For technical reasons, it is not possible to put these "old cases" on all fours with industrial injuries cases. For one thing, the assessment of their disability is differently carried out. But the Bill provides that if a man is classified in one of the particular groups I have just mentioned as an "old case" and is partially disabled by pneumoconiosis (of gravity comparable to an assessment of 50 per cent. under the Industrial Injuries Scheme), he shall have any chronic bronchitis and emphysema taken into account, if all his chest disabilities would bring him into the range of allowances payable to a man totally disabled by pneumoconiosis alone.

My noble friend Lord Taylor of Mansfield referred to the Bill as "a great little Bill". The Government have accepted it and changed it, and I am glad to see from my reading of the debates in another place that my honourable friends there and my noble friend here are satisfied that it is going some way towards dealing with this problem, though obviously they would have liked it to have gone further. I hope that I have given some encouragement to them. The Government are just as keen as they are to find out if these two diseases are caused by the occupation of the sufferers and to see whether they cannot do something to include these poor people in the scheme as a whole.
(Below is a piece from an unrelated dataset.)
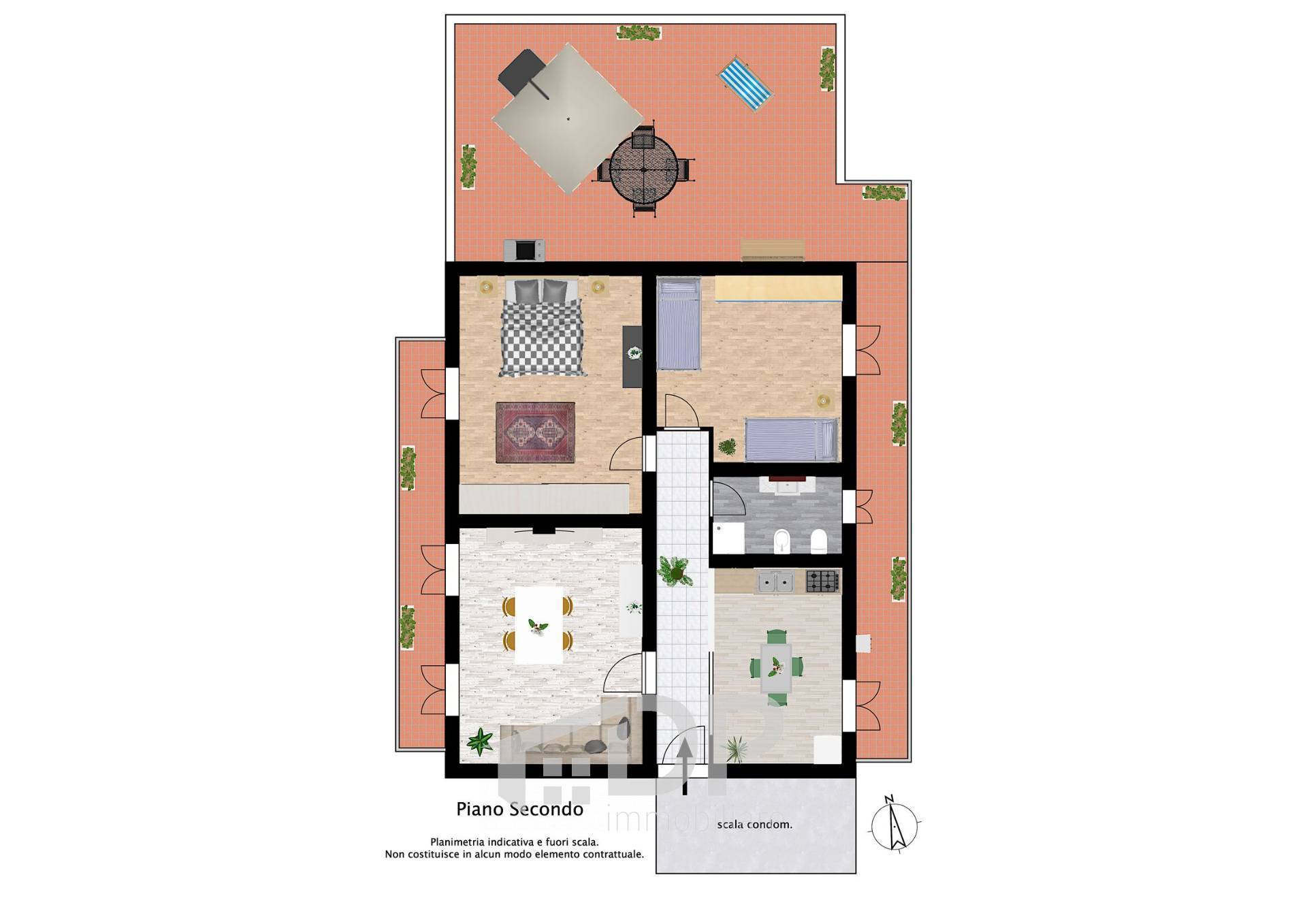 Tutte le stanze affacciano sui due balconi, uno esposto a est e laltro a ovest: da quest'ultimo si accede a un terrazzo di circa 47 mq, recentemente ristrutturato, perfetto per momenti allaperto e da godersi anche nei mesi invernali con listallazione di una serra bioclimatica o una pergotenda. Il panorama che si apre verso il Monte Gennaro regala una bellissima vista.

My Lords, I will not detain the House much longer, but I should like to clear up two points. To the noble Lord on the Front Opposition Bench I would say this. If a man is before a Board for pneumoconiosis, his condition is determined by the X-ray plate. Any other disability he may have is not taken into consideration at all. That has been our experience for the last twenty years. To my noble friend on the Front Bench I would say this. Do not think that a man in Australia or South Africa who has a cough can go to his doctor and get a certificate to enable him to get compensation. He cannot. He has first to prove that he works in an industrial atmosphere. These two diseases are scheduled under the Pensions Acts of those countries as industrial diseases, particularly in relation to the mines in South Africa and Australia.


My Lords, I accept that. In fact, I would go further. If the man can give medical proof that bronchitis or emphysema arose through his occupation, he would get pension or benefit.


My Lords, the noble Lord, Lord Blyton, quoted an experience which is contrary to my own. I wonder whether I may ask the noble Lord who answers for the Government if he would be good enough to let us both know the Government's view on this matter before the next stage of the Bill.


Yes, my Lords, certainly.


My Lords, with that, I hope that the House will give the Bill a Second Reading.

On Question, Bill read 2a, and committed to a Committee of the Whole House.